Tuesday, March 4, 2014
State and Local Stories
Portsmouth city officials have known for some time that their televised City Council meetings have a following. When the council decided to stop airing the public comment portion of the meetings early last year, the outcry was so swift that the council reversed its decision. The popularity of televised council meetings in Portsmouth appears to stem largely from two factors: The city's elderly population is especially devoted to watching, city staffers say. And the meetings in Portsmouth are often lively and animated enough to keep people glued to the set, residents say. "There's always something going on," Portsmouth community activist Joe Wright said. "It's like watching a suspense movie. It's going to erupt sooner or later."
Virginian-Pilot
One Virginia lawmaker is on a quest, one that unites members of both parties in irritation. “I’m fighting a lonely and largely losing battle,” said Sen. J. Chapman Petersen (D-Fairfax City). “I don’t know if anyone else shares this obsession. It might only be me.” A lawyer and onetime aspiring novelist, Petersen has made it his mission to edit other people’s bills. “Petersen’s here to take out a period and add a semicolon,” Sen.
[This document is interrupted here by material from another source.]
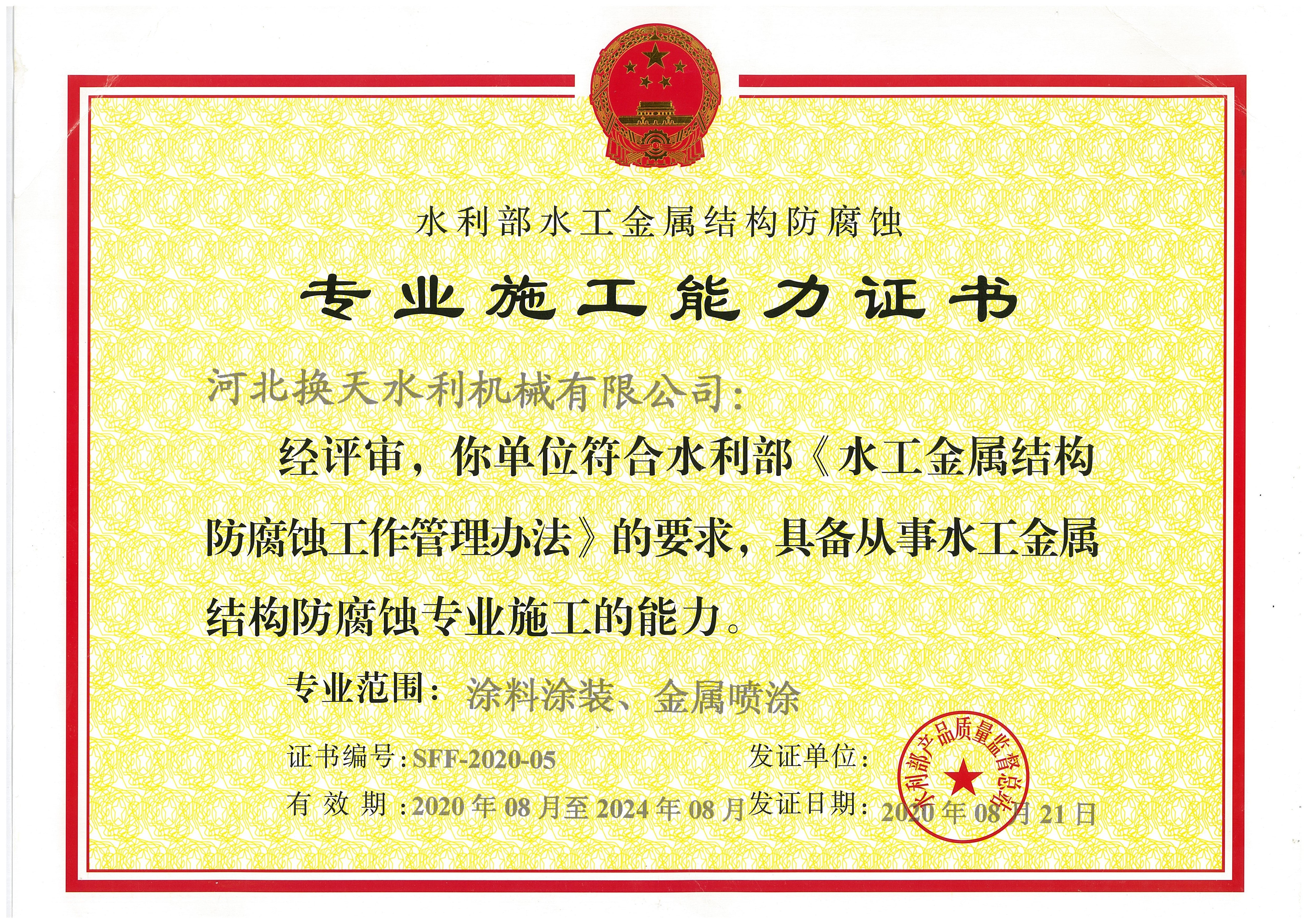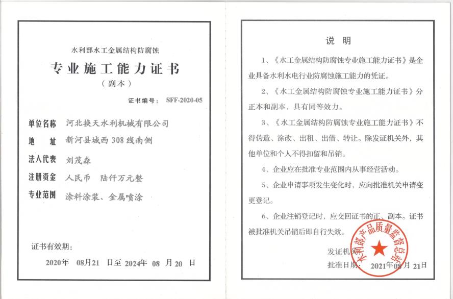 水利專業施工能力證書

Thomas A. Garrett Jr. (R-Louisa) joked when his colleague walked in last week. “I get frustrated when laws and statutes are written in an obscure way, and it gets very difficult as a practicing attorney to figure out what the intent was, or what it means,” Petersen said. “So one of my goals is to simplify the law, so people can actually read it.”
Washington Post
The attorney for Supervisor Eugene Delgaudio (R-Sterling) Friday filed a subpoena for the Southern Poverty Law Center as part of the ongoing case in which a group of Sterling residents is seeking to oust him from office. According to a statement issued by Delgaudio, attorney Charles King said the subpoena would be served to the SPLC, a nonprofit civil rights organization located in Montgomery, AL, later this week. The Southern Poverty Law Center has designated Delgaudio's private business, Public Advocate of the United States, a hate group because of its opposition to gay rights. The subpoena seeks all the documents the Southern Poverty Law Center has on Delgaudio and Public Advocate that led to the hate group designation, including "the criteria, research and decision process used…"
Leesburg Today
The centennial year of the University of Richmond’s student newspaper will be marked by its elimination. The Collegian will be an online-only news source starting in March. The decision came after about a year of mulling over how to operate more efficiently, outgoing Editor in Chief Marina Askari says. “This is the best way to move forward,” Askari says. “A lot of newsrooms are making this transition.”